If you keep an ancestral altar, apples make ideal offerings during this time. Their sweetness bridges sorrow and gratitude, reminding us that remembrance need not be mournful. Arrange them in threes or fives, numbers of harmony and protection. You may carve a symbol into their skin — a spiral for rebirth, a heart for love, or simply the initials of those you wish to honor. Leave them overnight, then bury them beneath a tree in the morning. As the fruit returns to the soil, the offering completes itself — life feeding life again.
Apples are also used in magical work for wisdom and insight. They are sacred to many deities of knowledge and love — to Hera and Aphrodite, to Bran the Blessed, to the Lady of Avalon herself. You may use them in divination tonight by floating several in a bowl of water and marking each with a sigil or rune that represents a question.

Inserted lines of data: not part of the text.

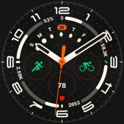 Galaxy Watch Ultra inspired watch face for Wear OS, with seven configurable complication spaces, two arc widget spaces and ultra sophisticated styling.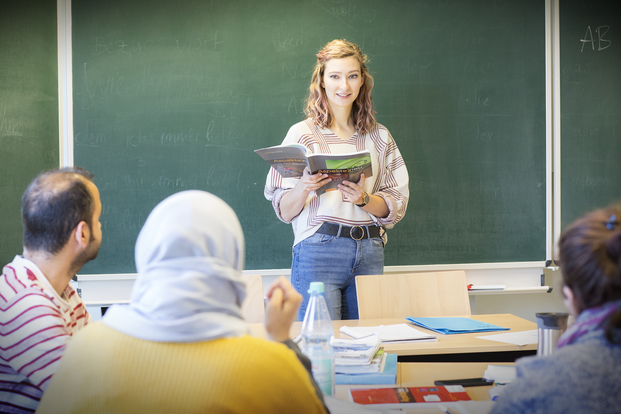 Eine Stundierende hält ein Referat vor Kommilitoninnen und Kommilitonen.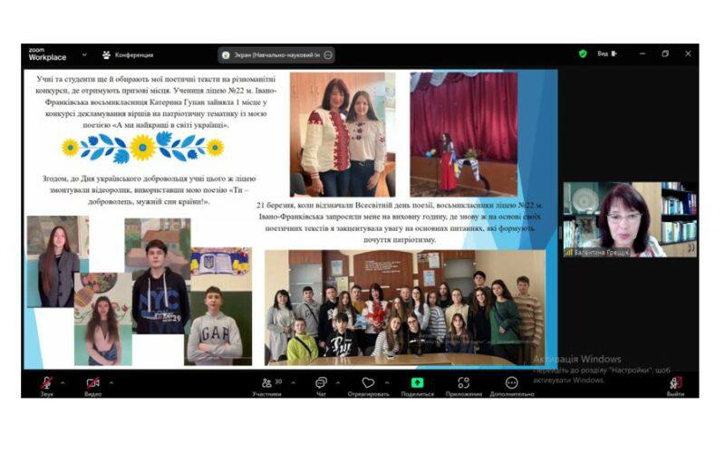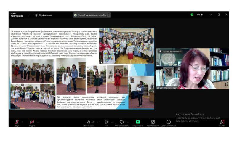 Учасники гостьової лекції із задоволенням слухали розповідь Валентини Василівни про її діяльність на шпальтах газети “Освітянське слово”, де опубліковані її поезії до Дня вчителя, Міжнародного дня рідної мови; участь у поетичному марафоні «Наші музи не мовчать! Разом до перемоги»; поетичні зустрічі разом зі студентами Факультету філології та провідними фахівчинями навчально-наукового Інституту українознавства на базі ліцеїв міста Івано-Франківська. Валентина Василівна розповідала про останні події, зокрема акцію в рамках Всеукраїнського туру “Вишиванка-оберіг для воїна”, яка відбувалася в обласній універсальній науковій бібліотеці імені Івана Франка.

Gently stir the water and observe which apple drifts toward you first. Its mark holds your answer. The water and the fruit together become oracles, mirroring the balance of emotion and matter, intuition and understanding.
The apple also carries the memory of the human story — the ancient tale of temptation, awakening, and the cost of knowledge. Whether seen as a fall or a blessing, that myth reminds us that to seek truth is to accept transformation. When you bite into the fruit, you claim the power to see beyond illusion. This is the heart of the season — the courage to look past appearances and accept what lies beneath. The veil does not separate only the living from the dead; it separates ignorance from wisdom, and fear from understanding. Each time you choose to see clearly, you lift a corner of it.
As the night deepens, the scent of apples and woodsmoke mingles in the air — a perfume of memory that feels older than language. It calls to something ancestral within us, something that remembers orchards under moonlight and hands weaving garlands for unseen guests. In this atmosphere, the boundary between the worlds feels as fragile as breath. If you listen, you might hear a rustling that is not just wind, or feel the faint warmth of presence beside you. Offer a quiet word: “To those who came before, I give thanks. May this fruit guide you home, and may your wisdom dwell within me.”
When morning comes, you may take the seeds from your ritual apple and plant them in the earth. This simple act binds the magic of remembrance to renewal. As the seeds rest through the winter and awaken in spring, they carry forward the love and prayers you offered. The cycle continues — life, death, and life again — all within the small, perfect shape of a seed.
The apple’s lesson is gentle but profound. It tells us that sweetness and sorrow are not opposites but companions. That endings, when honored, become beginnings. That within every heart — human or fruit — there is a hidden star. To see it, you must cut to the core, past surface and skin, past what is merely seen. The veil grows thin, but so too does our resistance to truth. When you eat of the apple, do so not with fear of consequence, but with reverence for revelation.
May this day remind you that wisdom is never lost — it only waits to be tasted again. May the fruit of the earth nourish you, the spirits of the dead bless you, and the star within every apple guide your steps through the lengthening shadows of October.